Oggi è la giornata mondiale dell’ambiente e l’Onu ha scelto come tema “Riconnettersi con la natura” per recuperare un rapporto con l’ambiente più sano, consapevole, e contribuire a non sprecarne le risorse. Ma non si tratta di un tema “esistenziale” né tantomeno di una tendenza new age. No, difendere l’ambiente diventa una precisa scelta politica dalle conseguenze fondamentali non solo per l’economia, ma anche per la convivenza pacifica tra i popoli. È ormai dimostrato che tra le cause delle migrazioni vi sono anche i cambiamenti climatici che causano desertificazione e quindi, carestie e povertà. Un tema che dopo l’annuncio del presidente Usa Donald Trump di uscire dall’accordo di Parigi, risulta ancora più scottante.

Trudeau l’anti Trump
Ed è per questo che colpisce il fatto che sia il Canada di Justin Trudeau, il leader che si è distinto anche per le politiche a favore dei migranti, a ospitare il World Environnement Day, il principale evento dell’Onu su “azioni positive a difesa dell’ambiente”. Il Canada ha deciso di rispettare gli accordi di Parigi sul controllo delle emissioni e pur essendo un Paese che si basa sulle energie fossili, ha investito su quelle rinnovabili.
In tutto il mondo sono previste centinaia di iniziative, dalla pulizia delle spiagge alle escursioni guidate nella natura. Quella “simbolo” è l’illuminazione di verde, lunedì sera, degli edifici e monumenti iconici delle città: tra questi l’Empire State Building di New York, il Cristo Redentor di Rio de Janeiro, il Burj Khalifa di Dubai.
Sui social gli utenti sono invitati a condividere immagini della natura, con l’hashtag #WithNature per la creazione dell'”album fotografico sulla natura più grande al mondo”. Gli scatti migliori saranno esposti al Palazzo di Vetro dell’Onu a New York. Possibilità di condivisione anche tramite un’app, iNaturalist, per catturare, ma solo con lo smartphone, ogni creatura che abita nel proprio giardino, nei parchi o nelle riserve naturali.

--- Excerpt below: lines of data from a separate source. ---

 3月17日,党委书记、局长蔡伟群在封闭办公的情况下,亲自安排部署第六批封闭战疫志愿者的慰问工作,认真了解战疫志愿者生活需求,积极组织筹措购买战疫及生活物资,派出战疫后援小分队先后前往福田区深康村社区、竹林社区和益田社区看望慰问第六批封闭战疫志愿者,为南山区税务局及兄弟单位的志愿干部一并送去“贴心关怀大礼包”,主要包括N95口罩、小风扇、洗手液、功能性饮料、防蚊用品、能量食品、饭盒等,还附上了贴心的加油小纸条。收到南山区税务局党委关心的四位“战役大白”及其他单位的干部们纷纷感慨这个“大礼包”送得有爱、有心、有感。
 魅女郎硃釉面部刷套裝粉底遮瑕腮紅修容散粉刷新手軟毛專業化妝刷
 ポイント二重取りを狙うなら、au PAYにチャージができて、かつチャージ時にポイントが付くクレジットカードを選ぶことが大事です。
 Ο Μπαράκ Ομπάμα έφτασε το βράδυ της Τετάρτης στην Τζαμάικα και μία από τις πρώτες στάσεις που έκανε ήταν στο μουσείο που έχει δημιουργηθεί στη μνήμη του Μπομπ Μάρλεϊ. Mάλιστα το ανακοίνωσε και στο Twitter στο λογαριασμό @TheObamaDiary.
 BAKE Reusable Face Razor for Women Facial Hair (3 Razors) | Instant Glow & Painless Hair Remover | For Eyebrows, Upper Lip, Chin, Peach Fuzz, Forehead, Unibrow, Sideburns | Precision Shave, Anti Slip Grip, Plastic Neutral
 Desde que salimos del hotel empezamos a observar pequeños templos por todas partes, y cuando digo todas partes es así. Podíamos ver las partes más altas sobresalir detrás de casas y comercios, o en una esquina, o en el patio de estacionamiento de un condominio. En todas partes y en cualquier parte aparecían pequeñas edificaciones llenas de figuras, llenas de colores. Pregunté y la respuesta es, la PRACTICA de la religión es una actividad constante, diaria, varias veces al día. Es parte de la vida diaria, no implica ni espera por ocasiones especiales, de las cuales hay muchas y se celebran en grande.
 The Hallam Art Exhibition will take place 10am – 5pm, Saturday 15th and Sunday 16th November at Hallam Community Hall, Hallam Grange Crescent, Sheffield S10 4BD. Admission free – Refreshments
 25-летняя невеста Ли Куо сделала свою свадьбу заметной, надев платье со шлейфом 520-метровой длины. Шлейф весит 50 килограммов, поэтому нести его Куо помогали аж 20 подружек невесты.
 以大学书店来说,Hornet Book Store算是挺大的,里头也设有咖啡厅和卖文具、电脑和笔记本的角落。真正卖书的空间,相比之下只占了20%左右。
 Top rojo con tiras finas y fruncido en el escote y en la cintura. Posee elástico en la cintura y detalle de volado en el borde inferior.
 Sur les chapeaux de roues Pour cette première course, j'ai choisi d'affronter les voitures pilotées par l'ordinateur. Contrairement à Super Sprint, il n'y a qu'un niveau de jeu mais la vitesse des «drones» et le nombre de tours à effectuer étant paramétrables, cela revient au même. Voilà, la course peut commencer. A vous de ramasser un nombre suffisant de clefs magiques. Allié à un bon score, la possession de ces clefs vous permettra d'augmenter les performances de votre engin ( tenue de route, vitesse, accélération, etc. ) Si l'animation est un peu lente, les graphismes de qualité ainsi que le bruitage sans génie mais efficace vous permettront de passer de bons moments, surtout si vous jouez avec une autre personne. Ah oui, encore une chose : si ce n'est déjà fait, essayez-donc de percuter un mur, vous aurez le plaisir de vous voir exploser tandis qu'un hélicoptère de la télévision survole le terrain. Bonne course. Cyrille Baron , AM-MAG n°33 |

In Italia la protesta per salvare l’Ispra
In questi giorni, come abbiamo raccontato anche nell’ultimo numero di Left adesso in edicola, l’Istituto superiore per la protezione e la ricerca ambientale che sta per diventare un soggetto fondamentale per il Sistema Nazionale di protezione ambientale istituito dalla legge 132 del 2016, vive un momento travagliato. Sono 93 i ricercatori precari che rischiano il licenziamento perché mancano ormai i fondi ordinari. Dal 2008 a oggi infatti sono stati persi 13 milioni di euro di finanziamenti e si è creata una situazione di impasse, a detta dello stesso direttore, che rischia anche di compromettere le attività normali dell’ente di ricerca.

L’Usb ha organizzato per oggi alle 16 un presidio al Pantheon a Roma. «Davanti all’albergo del sole e vicino al tempio di Nettuno, viene riproposta la messa in scena di due famosi “corti”, realizzati dagli stessi ricercatori: “Non sparate alla Ricerca (ambientale)” e ”La Ricerca pubblica solleva lo Stato”», si legge nel comunicato del sindacato di base. «La trama è chiara: lo Stato sopprime la Ricerca pubblica nazionale, in questo caso un Ente terzo e indipendente a tutela dell’ambiente e della salute dei cittadini, negando risorse economiche e continuando a far finta di non sapere che gli investimenti nella Ricerca pubblica hanno un ritorno positivo in termini di sviluppo e di benessere dei cittadini, al contrario di quella privata che si limita nel migliore dei casi alla commercializzazione di brevetti, o peggio, all’ideazione di armi sempre più micidiali».